◆ **Given records**:
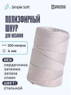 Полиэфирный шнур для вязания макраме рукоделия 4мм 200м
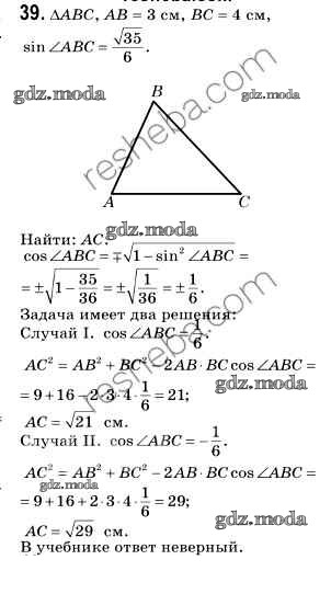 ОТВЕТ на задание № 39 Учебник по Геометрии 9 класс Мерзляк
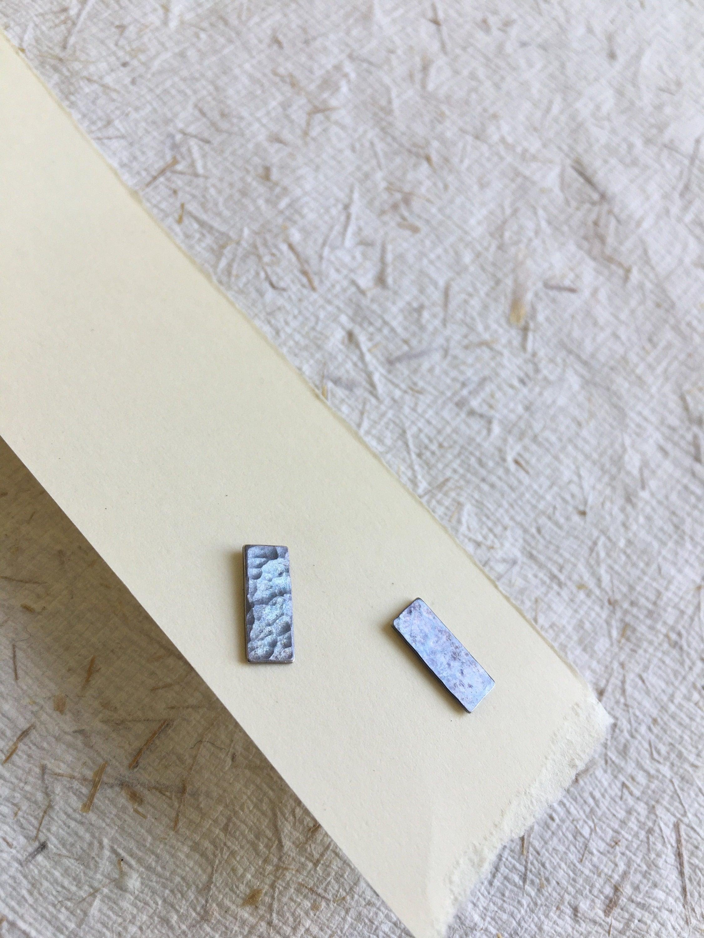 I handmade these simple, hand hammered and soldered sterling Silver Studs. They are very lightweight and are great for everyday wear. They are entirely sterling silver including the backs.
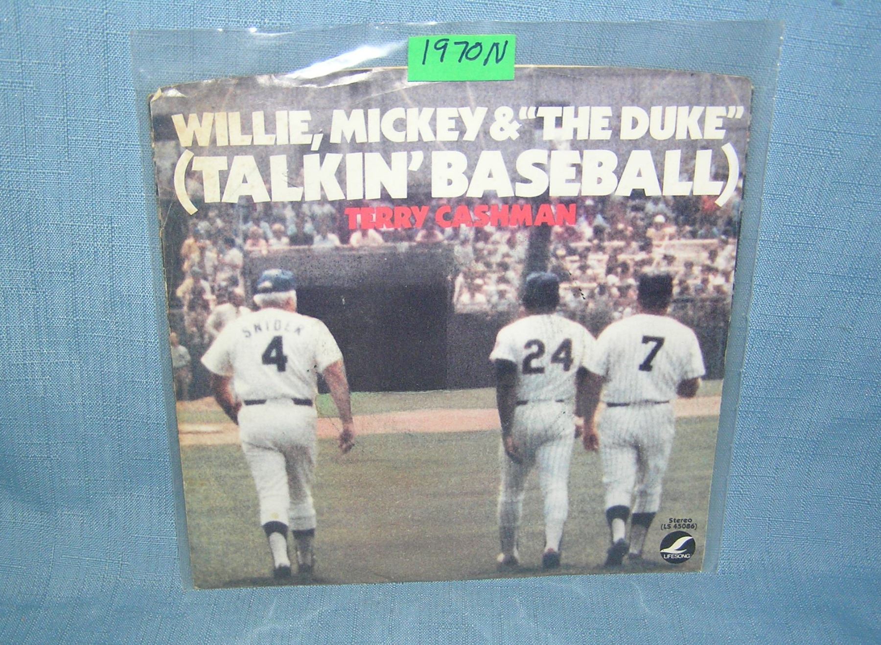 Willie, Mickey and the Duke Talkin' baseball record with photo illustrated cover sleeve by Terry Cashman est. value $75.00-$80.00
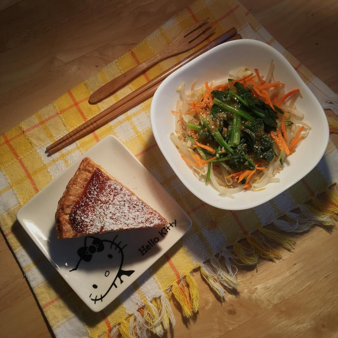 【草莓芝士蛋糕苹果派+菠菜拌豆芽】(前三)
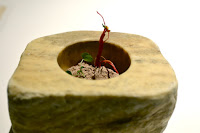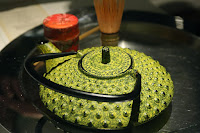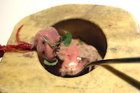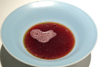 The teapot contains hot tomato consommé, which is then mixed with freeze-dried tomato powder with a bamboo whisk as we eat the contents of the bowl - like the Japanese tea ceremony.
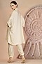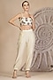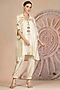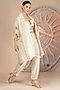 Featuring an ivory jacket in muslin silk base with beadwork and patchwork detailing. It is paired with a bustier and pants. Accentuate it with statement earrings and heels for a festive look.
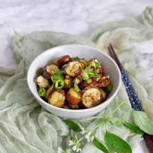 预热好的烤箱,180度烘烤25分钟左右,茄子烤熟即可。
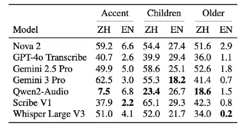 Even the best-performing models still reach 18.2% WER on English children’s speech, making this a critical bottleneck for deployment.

◆ **Task prompt**: Leaving every picture out, write out exactly the lines from the one that holds "I handmade these" through the end of the listing, both included.

◆ **Task answer**:
 I handmade these simple, hand hammered and soldered sterling Silver Studs. They are very lightweight and are great for everyday wear. They are entirely sterling silver including the backs.
 Willie, Mickey and the Duke Talkin' baseball record with photo illustrated cover sleeve by Terry Cashman est. value $75.00-$80.00
 【草莓芝士蛋糕苹果派+菠菜拌豆芽】(前三)
 The teapot contains hot tomato consommé, which is then mixed with freeze-dried tomato powder with a bamboo whisk as we eat the contents of the bowl - like the Japanese tea ceremony.
 Featuring an ivory jacket in muslin silk base with beadwork and patchwork detailing. It is paired with a bustier and pants. Accentuate it with statement earrings and heels for a festive look.
 预热好的烤箱,180度烘烤25分钟左右,茄子烤熟即可。
 Even the best-performing models still reach 18.2% WER on English children’s speech, making this a critical bottleneck for deployment.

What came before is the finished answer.